» **TASK BRIEF**:
The lines to transcribe run from the top of the material below to the line with "- 따라서 최대 5개의 첨부 파일만 테이블에 저장할 수 있다.", inclusive. Leave the pictures behind.
┌────────
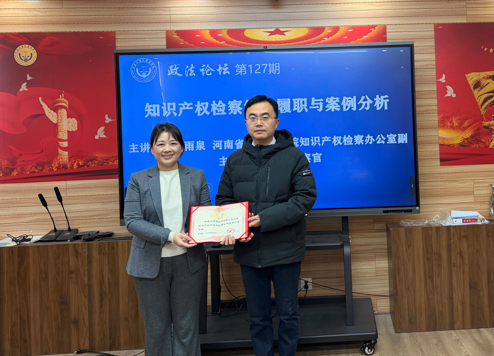 在3424会议室成功举办“政法论坛”第127期学术报告会。河南省人民检察院知识产权监察办公室副主任、三级高级检察官郭雨泉以“知识产权检察综合履职与案例分析”为主题开展了一场精彩而丰富的学术报告。报告会由91网站
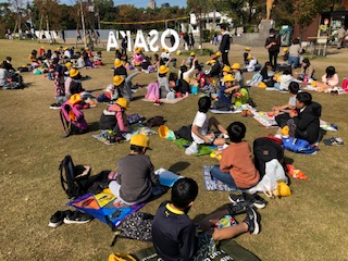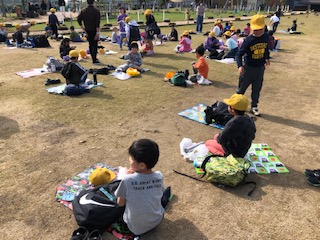 ハルカスの見学の後は、てんしばに移動し、お弁当の時間です。友だちと間隔をとりながらシートを広げ、楽しくいただきました。みんなのニコニコ笑顔がいっぱいでした。
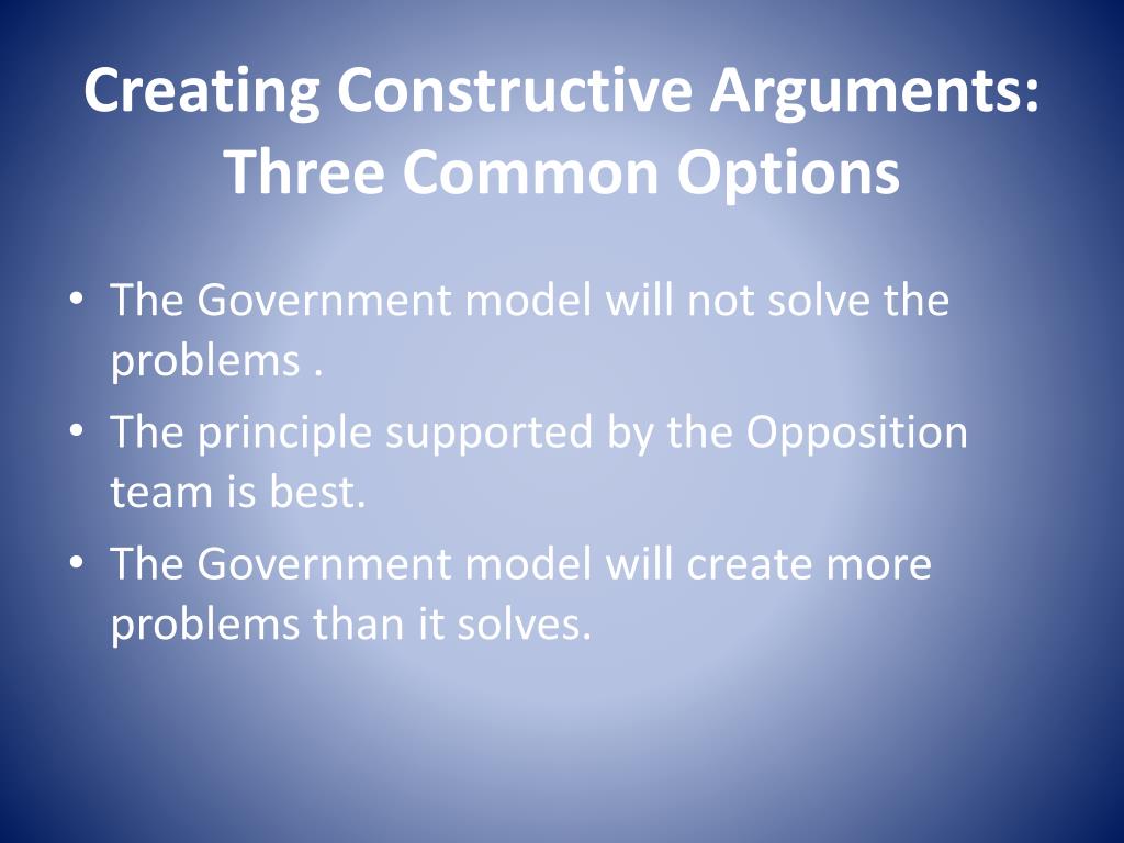 Creating Constructive Arguments: Three Common Options • The Government model will not solve the problems . • The principle supported by the Opposition team is best. • The Government model will create more problems than it solves.
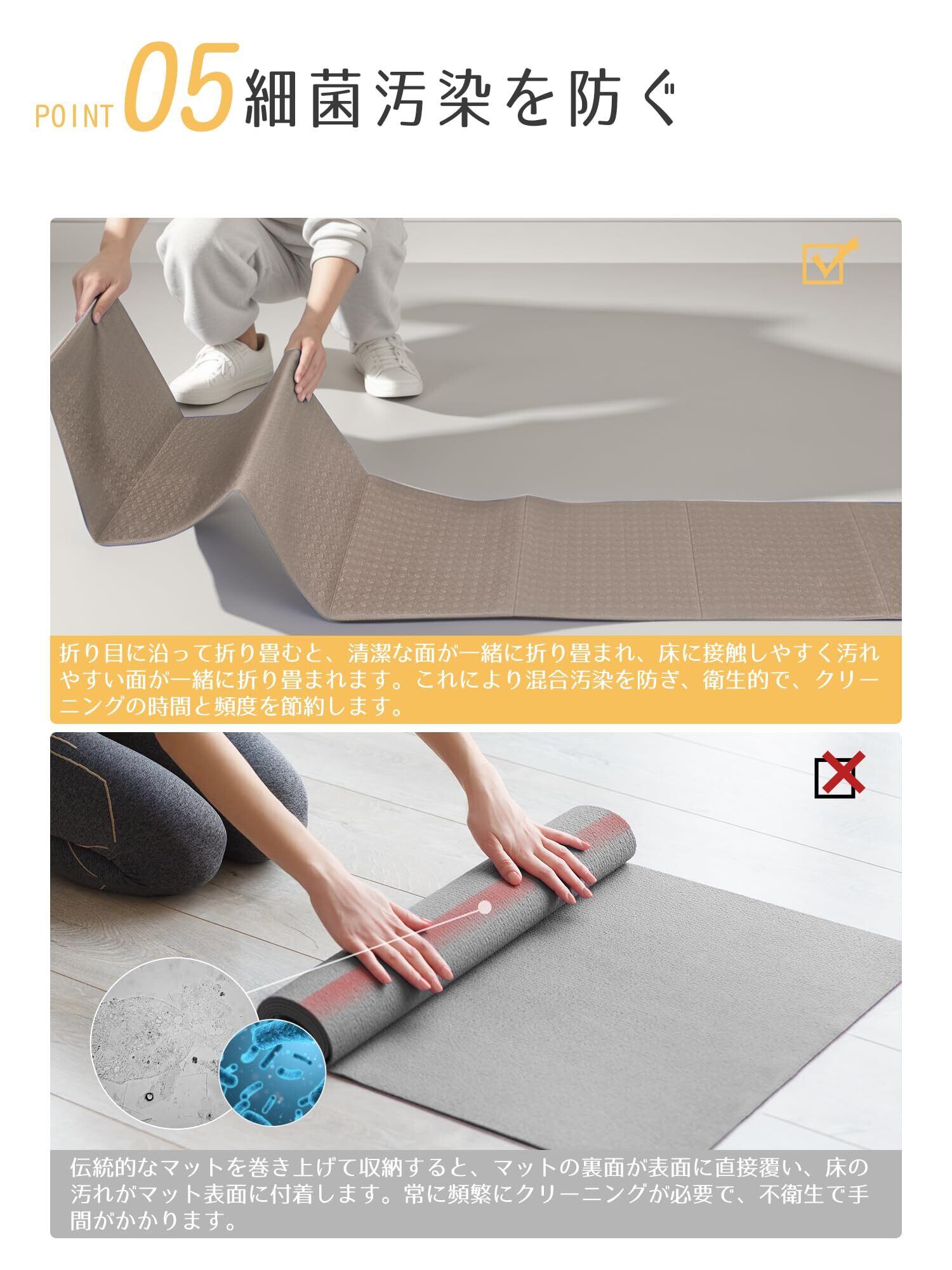 【細菌汚染を防ぐ】細菌汚染を防ぎ、従来の丸めたヨガマットよりも頻繁に掃除する手間が省けます。
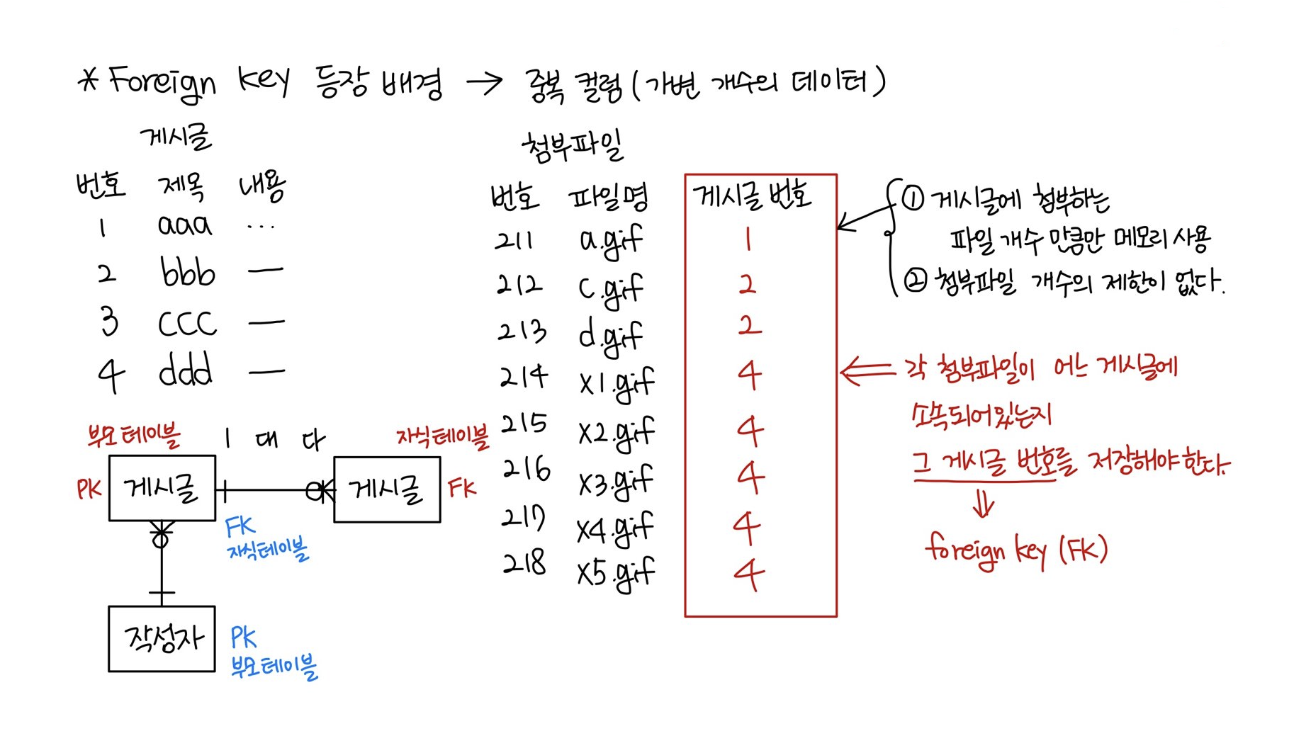 - 따라서 최대 5개의 첨부 파일만 테이블에 저장할 수 있다.
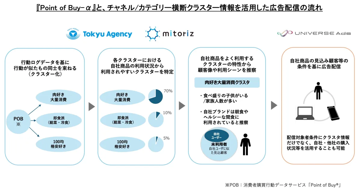 今回の取り組みは、東急エージェンシーとmitorizの共同開発によるマーケティングダッシュボード『Point of Buy-α』と、東急エージェンシーによる「Target Finder®」を融合させ、ユーザーの購買行動に基づいたデータを広告配信に役立てるものです。これにより、企業はUNIVERSE Adsを利用して特定の商品やカテゴリーに関連する購買行動を持つユーザーに対して、より的確な広告を届けることが可能になります。
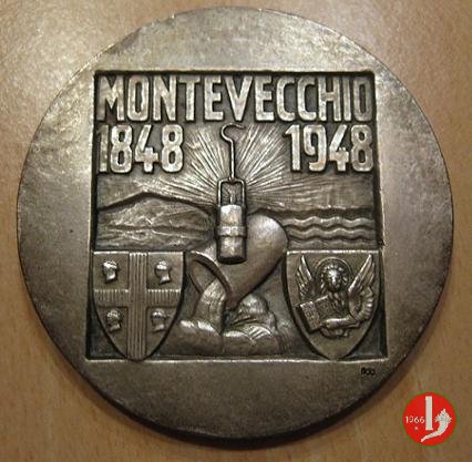 100° Miniera di Montevecchio 1948 Dritto: entro riquadro: lanterna raggiante su crogiolo tra gli stemmi di Sardegna e di Venezia e in alto MONTEVECCHIO = 1848 _ 1948 Verso: entro riquadro: Minatore con martello pneumatico scava verso sx entro il riquadro in basso a sx: E. MONTI sotto a dx: S. JOHNSON |
└────────
» **REPLY TO THE TASK**:
 在3424会议室成功举办“政法论坛”第127期学术报告会。河南省人民检察院知识产权监察办公室副主任、三级高级检察官郭雨泉以“知识产权检察综合履职与案例分析”为主题开展了一场精彩而丰富的学术报告。报告会由91网站
 ハルカスの見学の後は、てんしばに移動し、お弁当の時間です。友だちと間隔をとりながらシートを広げ、楽しくいただきました。みんなのニコニコ笑顔がいっぱいでした。
 Creating Constructive Arguments: Three Common Options • The Government model will not solve the problems . • The principle supported by the Opposition team is best. • The Government model will create more problems than it solves.
 【細菌汚染を防ぐ】細菌汚染を防ぎ、従来の丸めたヨガマットよりも頻繁に掃除する手間が省けます。
 - 따라서 최대 5개의 첨부 파일만 테이블에 저장할 수 있다.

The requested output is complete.